■ DATA TO EXAMINE

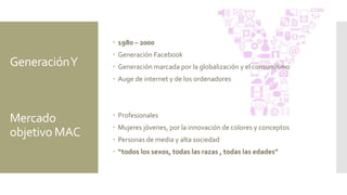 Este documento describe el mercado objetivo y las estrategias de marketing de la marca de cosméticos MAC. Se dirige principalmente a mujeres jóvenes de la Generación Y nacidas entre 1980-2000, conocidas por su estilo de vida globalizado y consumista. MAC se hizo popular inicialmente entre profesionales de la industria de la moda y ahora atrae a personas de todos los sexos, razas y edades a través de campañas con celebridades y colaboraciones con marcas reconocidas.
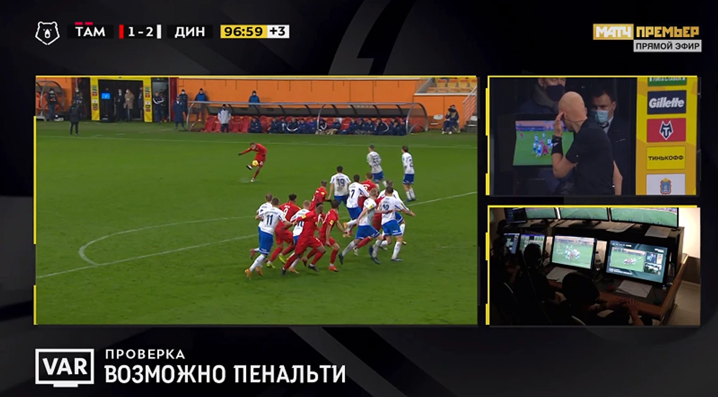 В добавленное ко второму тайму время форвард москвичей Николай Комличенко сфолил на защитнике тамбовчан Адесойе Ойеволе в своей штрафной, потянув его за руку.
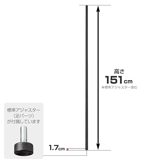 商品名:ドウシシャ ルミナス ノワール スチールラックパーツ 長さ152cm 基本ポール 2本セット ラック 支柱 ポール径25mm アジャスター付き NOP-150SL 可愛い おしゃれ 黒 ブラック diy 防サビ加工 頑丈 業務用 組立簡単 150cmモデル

* * *

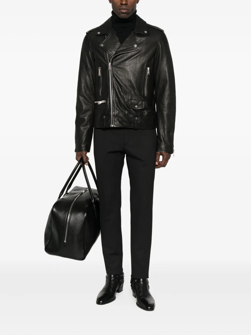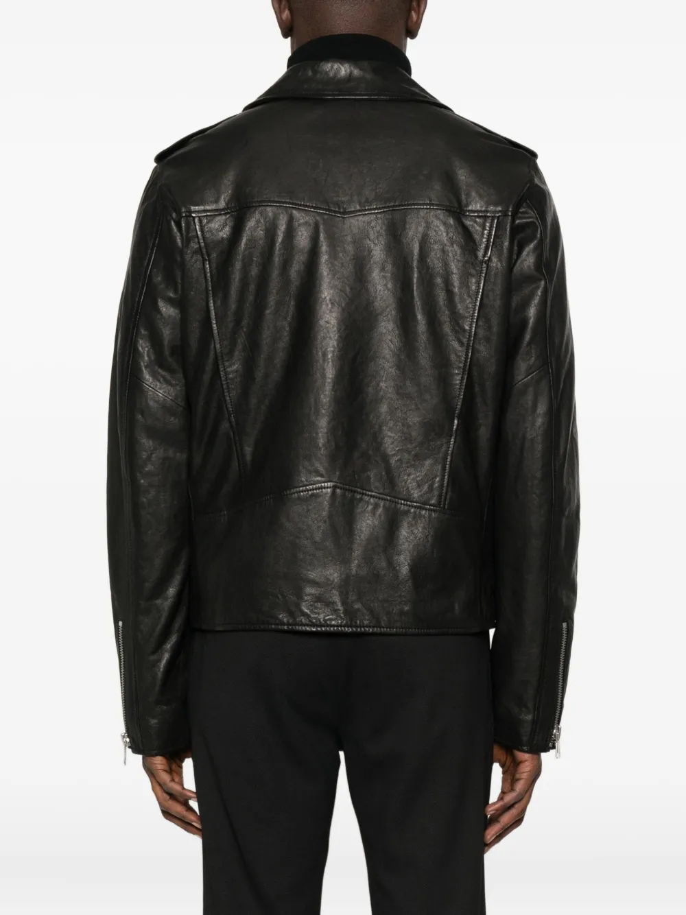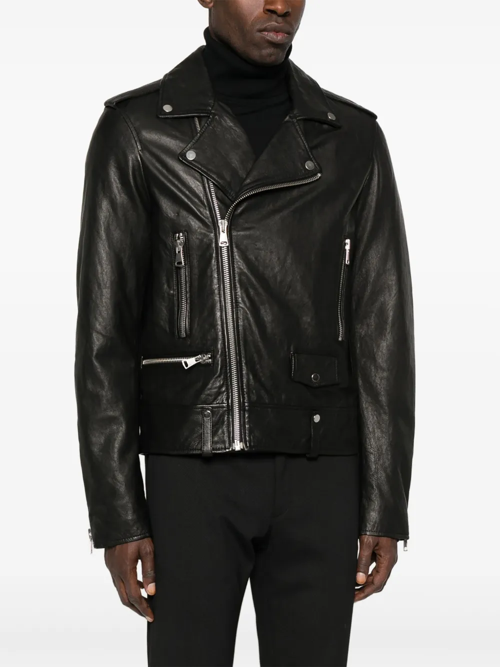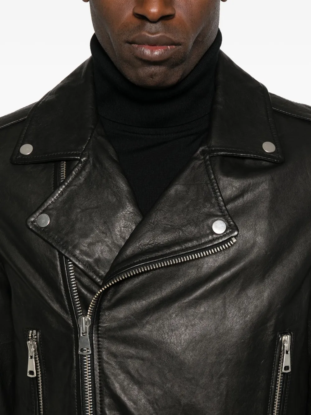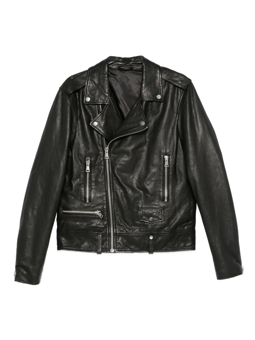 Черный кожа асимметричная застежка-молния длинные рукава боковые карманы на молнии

■ INSTRUCTIONS FOR THE TASK
Within the listing above, extract exactly the lines that run from the one containing "В добавленное ко" through the one containing "商品名:ドウシシャ ルミナス ノワール", excluding any pictures.

■ RESPONSE TO THIS TASK
 В добавленное ко второму тайму время форвард москвичей Николай Комличенко сфолил на защитнике тамбовчан Адесойе Ойеволе в своей штрафной, потянув его за руку.
 商品名:ドウシシャ ルミナス ノワール スチールラックパーツ 長さ152cm 基本ポール 2本セット ラック 支柱 ポール径25mm アジャスター付き NOP-150SL 可愛い おしゃれ 黒 ブラック diy 防サビ加工 頑丈 業務用 組立簡単 150cmモデル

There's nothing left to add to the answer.